Al rifugio “ai Caduti dell’Adamello” si torna a dormire, non vi è alternativa. Il pensiero corre agli altri pellegrini in fermento nei rifugi più a valle, pronti a raggiungere in cammino, l’altare del Papa per assistere alla Messa. Gli alpini della colonna sei, partiti alle due e mezza di notte dal rifugio Carè Alto, hanno arrestato il loro incedere in prossimità del ghiacciaio: il temporale imperversava, metteva paura. Quelli del rifugio Garibaldi, del Mandrone, del Prudenzini, del Val di Fumo, della piana di Bedole erano in attesa così come i capi colonna, le guide e i ragazzi del Soccorso Alpino. Ma la pioggia anziché dare tregua, riversava i suoi scrosci sulla montagna. Sempre più violenti. Arrivava così la rinuncia definitiva: “Hanno chiamato dal Garibaldi: non partono. E nemmeno dal Mandrone. Non partono gli elicotteri dal Tonale. Non parte nessuno, giù piove e qui nevica”.
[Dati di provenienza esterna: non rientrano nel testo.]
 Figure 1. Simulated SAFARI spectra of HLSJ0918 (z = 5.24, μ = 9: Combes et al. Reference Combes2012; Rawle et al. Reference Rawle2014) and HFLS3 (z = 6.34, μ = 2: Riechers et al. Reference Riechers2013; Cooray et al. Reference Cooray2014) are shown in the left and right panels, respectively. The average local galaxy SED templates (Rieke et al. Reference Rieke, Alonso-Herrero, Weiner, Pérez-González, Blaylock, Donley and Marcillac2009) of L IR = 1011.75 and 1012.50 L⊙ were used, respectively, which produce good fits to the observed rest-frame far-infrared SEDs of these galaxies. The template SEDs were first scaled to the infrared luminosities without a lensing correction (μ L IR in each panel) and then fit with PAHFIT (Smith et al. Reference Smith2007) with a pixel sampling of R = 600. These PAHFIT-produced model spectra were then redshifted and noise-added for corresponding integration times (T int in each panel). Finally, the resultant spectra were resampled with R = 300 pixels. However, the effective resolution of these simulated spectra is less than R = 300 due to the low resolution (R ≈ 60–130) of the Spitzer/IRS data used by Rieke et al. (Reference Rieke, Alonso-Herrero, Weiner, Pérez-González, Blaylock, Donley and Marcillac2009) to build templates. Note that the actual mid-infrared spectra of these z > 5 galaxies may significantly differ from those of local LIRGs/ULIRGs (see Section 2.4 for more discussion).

Nella stanza da pranzo del rifugio “ai Caduti dell’Adamello”, monsignor Luigi Bressan vescovo di Trento, celebra la Messa per i pellegrini delle tre colonne che hanno passato lì la notte. Due piccole candele si specchiano in una fotografia che ritrae Papa Giovanni Paolo II, unico ornamento di un altare arrangiato con cura.
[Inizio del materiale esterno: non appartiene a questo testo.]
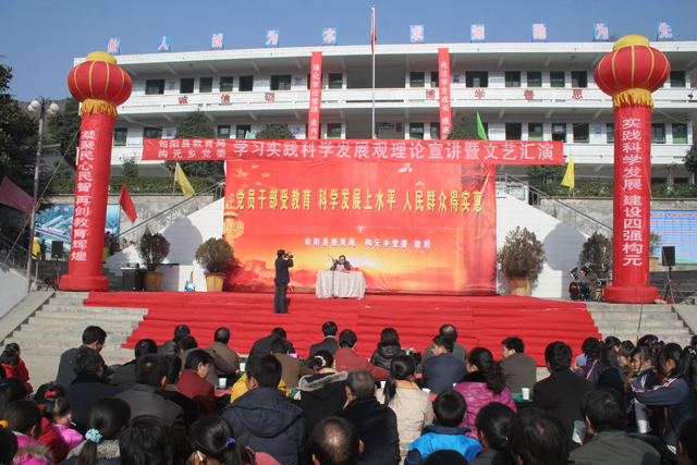 12月29日,旬阳县委书记马赟、县委副书记曾朝阳、县政府副县长李萍来到构元乡指导该乡学习实践科学发展观理论宣讲活动,在构元乡初中现场聆听了该乡理论宣讲团的宣讲。

Il tempo di uno scatto, poi giù, le spalle al Cavento e gli scarponi che sprofondano nella neve fresca. Giù lungo la val di Genova fino a Tione di Trento, paese che ospiterà la cerimonia conclusiva il giorno successivo. Un giorno di sole che ha visto tutti ritrovarsi: i pellegrini, le autorità, il picchetto armato del 2º reggimento genio guastatori, il generale Primicerj, il presidente Favero con i consiglieri nazionali e il cardinale Re. Labaro, vessilli e gagliardetti insieme, ancora una volta. Negli interventi delle autorità il rammarico di non essere giunti in vetta per la consueta cerimonia del sabato. “Mi rivolgo soprattutto ai pellegrini che hanno affrontato i sentieri di queste meravigliose montagne testimonianza presente delle sofferenze passate”, così il generale comandante le Truppe alpine, Alberto Primicerj.
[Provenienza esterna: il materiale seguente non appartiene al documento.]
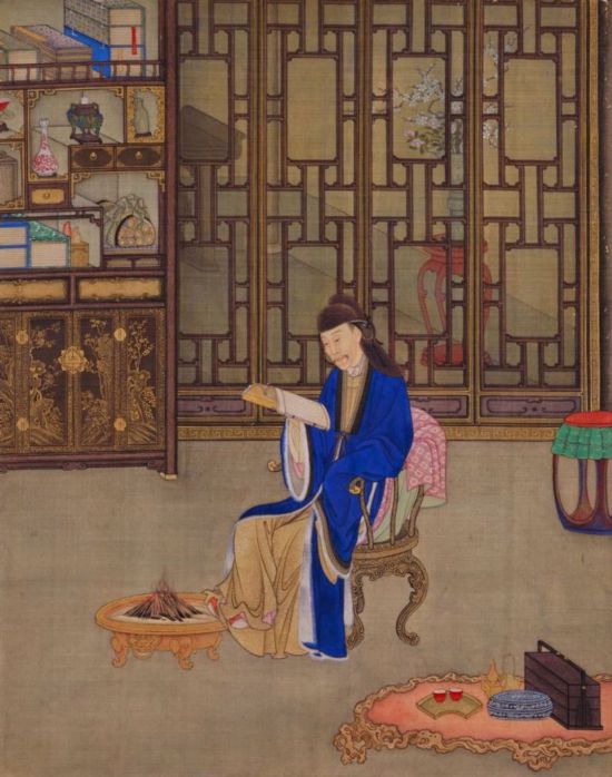 清 胤禛行樂圖冊·圍爐觀書頁

Parole in armonia con quelle pronunciate dal presidente nazionale Sebastiano Favero poco dopo. “A voi il mio grazie, pellegrini dell’Adamello. Attraverso la fatica, avete saputo celebrare la memoria, elemento fondamentale per poter guardare al futuro fermi sui nostri valori, sull’impegno nel tramandare, testimoniare, condividere questo spirito che ci rende unici”. Poi la Messa celebrata dal cardinale Giovanni Battista Re che ha ricordato la figura di Giovanni Polo II, il Papa santo. “Un uomo straordinario. Un gigante mistico che durante le passeggiate desiderava pregare in solitudine, contemplando la bellezza delle vette.
Egli resterà per sempre, un segno nel mondo”. La Preghiera dell’alpino recitata con dolcezza ha preceduto la benedizione solenne del cardinal Re, prologo di giorni intensi, già ricordo indelebile. Protagonista la montagna, unica regista. Essa ha deciso che fosse il pellegrinaggio dei discepoli dell’Adamello, quelli che quassù in colonna un passo dopo l’altro, vengono da anni. Questi uomini sono stati premiati: con lo spirito si sono ritrovati nell’ombra fredda del gigante di granito che già conobbe e accolse i loro Padri.
Lontani un secolo dalla guerra, più vicini alla Croce del Papa santo che su queste rocce spigolose s’abbandonò alla preghiera. I pellegrini lo hanno ricordato nel lungo, silenzioso incedere sui sentieri divenuti ora un comune solco. Legati ad un’unica cordata, hanno riscoperto l’incanto di vivere. Di essere alpini.